Я сижу за письменным столом Тома уже три с лишним часа, разгадал уже все головоломки в комиксе про Человека-Паука, найденном в столе. За это бесцельно потраченное время Билл успел провести ревизию гардероба Каулитца, с радостным визгом потискать собаку, на пару они пролистали все журналы о компьютерных играх и автомобилях, то и дело вскрикивая: «Вот такую тачку я себе хочу!», затем Том долго бренчал на гитаре, подбирая мелодии к заунывным текстам Билла, кстати, поет он просто ужасно, более скудных вокальных данных я еще не слышал. Переделав массу глупых и бесполезных дел, они завалились на кровать и уже полчаса лежат, вполголоса неся полную ахинею. Не понимаю, как может быть интересной и познавательной беседа о том, сколько котов убежало от Билла, чем занимается на репетициях отчим Тома, и какие занавески лучше бы гармонировали с обоями в этой комнате.
Притихли вроде. Оборачиваюсь в надежде предложить сменить обстановку и способ времяпрепровождения… Фу! Быстро отворачиваюсь обратно. И не стыдно им, прямо при мне?! Бл*, как неприятно-то!
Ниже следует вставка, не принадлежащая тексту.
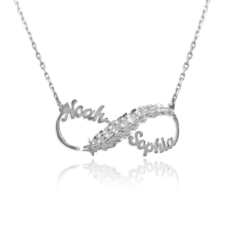 מידע נוסף על תכשיט: שרשרת אינפיניטי עם נוצה וזוג שמות בעיצוב אישי

Будто в замочную скважину подглядел. Бе, прямо дрожь по позвоночнику…
- Томми, я хочу посмотреть на картины твоей мамы.
- Пойдем. Густ, идешь с нами?
- Ага, - пискнул я и, вскочив, вышел первым, чтобы не глядеть в их бесстыжие глаза.
Мастерская матери Тома располагалась в подвале дома, что странно, учитывая потребность художников в свете и тепле. Однако, спустившись по узкой и крутой лестнице вниз, я увидел, что подвал был хорошо оборудован для работы, к потолку было прикручено множество ламп, а вдоль стен протянуты батареи. Везде стояли мольберты с натянутыми холстами, большинство из которых было уже безнадежно испорчено невнятным художеством фрау Каулитц.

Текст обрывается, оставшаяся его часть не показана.